From generation 6 onward, the base odds of catching a shiny Pokemon is 1/4096. This includes Pokemon Brilliant Diamond, in which I recently acquired a shiny Arceus on my 1676th attempt at doing so. This feels decently lucky, and that's reflected in my disbelief at seeing the shiny on my screen when I was about to give up for the day and do something productive, but reasoning about these results in an interesting way requires doing some math. What follows is an attempt to explain how this math works, as I had to relearn it recently (I slept through almost all my statistics classes) to build an as-of-yet-not-released shiny hunting tool and want to solidify my understanding of it.

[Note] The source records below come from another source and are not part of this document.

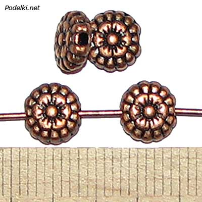 Металлическая бусина Таблетка с цветком 0007590 медный цвет 7x3 мм
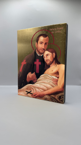 Ikona świętego Kamila De Lellis - wykonana techniką unikalnego nadruku na desce ręcznie złocona złotymi płatkami.
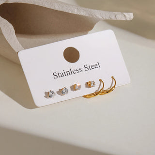 ステンレス304 低ニッケル 水に濡れても錆びにくい 18Kゴールドメッキ ピアス フープ ジルコニア 3点セット【YJ02916】

Since shiny Pokemon, as far as I am aware, do not exist in superposition and you either get one or you don't, we have a convenient building block to start our exploration with: the binomial distribution. To find the probability of getting exactly \(k\) shinies in \(n\) attempts with a probability of \(p\), we can use this formula:
\[ \binom{n}{k}p^{k}(1 - p)^{n - k} \]
The idea here is that there are \(n - k\) failed attempts, and each of those failed attempts has a probability of \(1 - p\) (that being \(1 - 1/4096 = 4095/4096\) in our case). We toss the probabilities of our failed attempts together along with our \(k\) successful attempts with a probability of \(p\), and we do a funky parenthetical thing. The purpose of the funky parenthetical thing, the binomial coefficient, often read as "n choose k," is that we care about the order these events occur in, i.e. we want to consider every combination of \(n\) attempts that would get us our \(k\) shinies. The binomial coefficient represents exactly that and works like so:
\[ \binom{n}{k} = \frac{n!}{k!(n - k)!} \]
Since we can't replay an attempt twice, and we only care about exactly \(k\) successes, we're using factorials to calculate this. Shiny hunting is not catch-and-release.

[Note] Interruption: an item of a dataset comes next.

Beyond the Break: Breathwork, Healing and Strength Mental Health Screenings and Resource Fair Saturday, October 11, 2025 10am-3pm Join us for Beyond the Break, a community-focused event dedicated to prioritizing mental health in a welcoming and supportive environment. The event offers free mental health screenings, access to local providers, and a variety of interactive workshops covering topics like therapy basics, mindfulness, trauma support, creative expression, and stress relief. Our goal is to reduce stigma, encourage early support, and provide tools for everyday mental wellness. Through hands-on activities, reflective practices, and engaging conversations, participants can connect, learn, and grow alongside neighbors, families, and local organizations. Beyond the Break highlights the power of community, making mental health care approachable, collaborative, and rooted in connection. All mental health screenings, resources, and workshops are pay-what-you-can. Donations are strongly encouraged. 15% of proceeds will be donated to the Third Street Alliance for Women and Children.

To find the binomial coefficient, we first need a factorial function. I chose the following implementation:
(let ((memoized (make-hash-table)))
(setf (gethash 0 memoized) 1)
(setf (gethash 1 memoized) 1)
(defun factorial (n)
(nth-value 0 (or (gethash n memoized)
(setf (gethash n memoized)
(* n (factorial (1- n))))))))
I originally wrote a tail-recursive version, which was more performant
for any given run provided the above function hadn't done any
memoization yet, but we're going to be calling this function quite a lot
and I'd like to avoid doing the same work more than once. I also decided
I wanted a "repl mode" in this shiny hunting tool where a user can
repeatedly press a key to increment the counter for the hunt they're on,
so these memoized outputs should stick around in memory for a decent
amount of time. A raw run with an n of about 25000 crashes on my
machine, but that's an acceptable upper bounds for me. I did ponder an
implementation that uses this memoized version unless we pass in an n
greater than the highest memoized value by some threshold, when it will
then run a tail-recursive version before memoizing the final output to
be used as a new "anchor" memoized value, but that seems overkill for
this project.
Armed with this, adding "n choose k" to our vocabulary is easy:
(defun binomial-coefficient (n k)
(/ (factorial n) (* (factorial k) (factorial (- n k)))))The next step is to simply hook our new function up to the rest of the formula:
(defun binomial-pmf (p n k)
(* (binomial-coefficient n k)
(expt p k)
(expt (- 1 p) (- n k))))
Here pmf refers to the probability mass function and from what I can
tell it's fancy math speak for what we've been talking about this whole
time. When we execute it, we get this:
(binomial-pmf 1/4096 1676 1) ; 0.27182782This tells us the probability of getting exactly 1 shiny in 1676 attempts, but what might be more interesting is the probability of getting at least 1 shiny in 1676 attempts; this will also compare our luck with people who for some reason attempted and succeeded at catching a shiny Arceus multiple times.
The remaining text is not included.